Y, ya con los pijamas empaquetados, doña Angelina nos llevó al Kress, una tienda famosísima entre los “paseños” y los juarenses, que según se decía formaba parte de una cadena de negocios de la también muy famosa familia Kennedy.
Esa tienda tenía un olor particular, como de palomitas dulces, que no ha percibido en ninguna otra parte, y su ambientación interior era muy parecida al que muchos años después vi también en las tiendas Samborn’s del Distrito Federal.
Había en el Kress una especie de “fuente de sodas” en la que asimismo vendían café y unas bolas de nieve que servían junto con un plátano, que se llamaban “Banana Split”. Postre riquísimo por el que casi se me salían los ojos, pero que no probé en esa ocasión. Aunque lo que sí probamos entonces fueron unas hamburguesas a las que les agregaban unas rebanaditas de pepinillos curtidos al parecer en vinagre, y que, igual, fueron las primeras hamburguesas que mis hermanos y yo comimos en nuestras vidas.
Saliendo del Kress mi mamá nos llevó justo al sitio en que durante el siglo XIX estaba el centro del pueblo de El Paso, y donde había un típico jardín estilo mexicano, que se fue rodeando de modernos edificios cada vez más altos, y que se conoce (o conocía) como Plaza de San Jacinto.

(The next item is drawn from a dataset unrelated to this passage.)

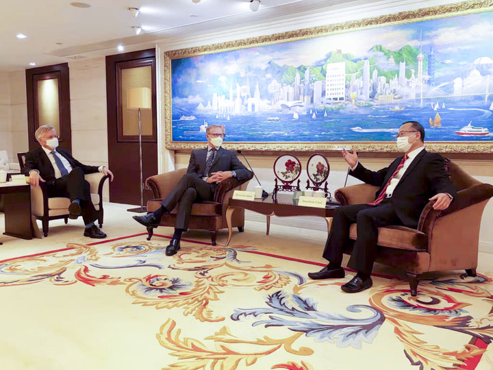 6月21日,全国政协常委、香港中华总商会永远名誉会长蔡冠深博士,在香港中华总商会会晤英国驻港澳总领事戴伟绅(Brian Davidson)、香港英商会主席彼得·伯内特(Peter Burnett)一行。
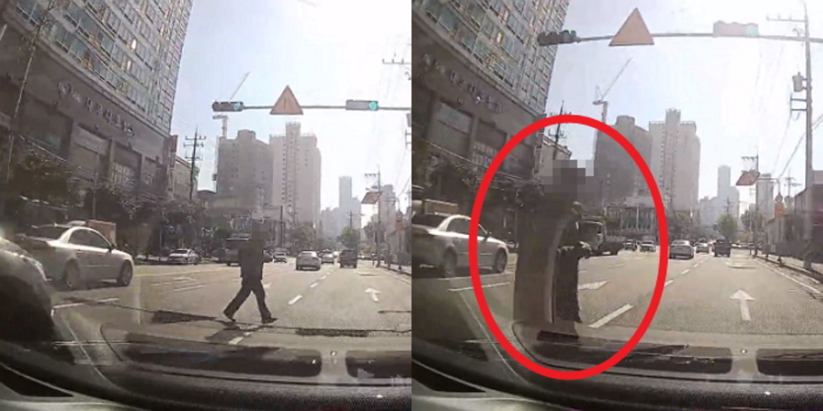 눈 깜짝할 새 벌어진 상황에 A씨는 급하게 핸들을 틀었으나 노인은 사이드 미러 부분을 충격한 후 쓰러졌다.

En esa plaza (ignoro desde cuándo y por qué) algunas autoridades locales ya casi olvidadas quisieron que (contra toda lógica en un sitio semidesértico) se instalara una fuente con esculturas de cocodrilos, misma que popularmente se conoce como “La Fuente de los Lagartos”.
El último asombro de aquella ocasión lo constituyó el hecho de que, en una de las esquinas de aquel jardín, pero instalados a manera de sótano, había unos limpísimos y funcionales sanitarios públicos que se podían usar introduciendo en una ranura una moneda de 10 centavos de dólar.
Volvimos a subir a el tranvía y nos regresamos a Río Bravo por la calle Stanton. Cruzamos enseguida el puente que conecta con la calle Lerdo. Un celador de la aduana mexicana se subió al vehículo para confirmar que ninguno de los pasajeros llevara mercancías prohibidas, y nos bajamos otra vez en la avenida 16 de Septiembre, junto al gigantesco cine Variedades, abordando enseguida un camión urbano para volver al barrio, observando con mayor claridad las contrastantes diferencias de riqueza-pobreza que había entre una ciudad y otra.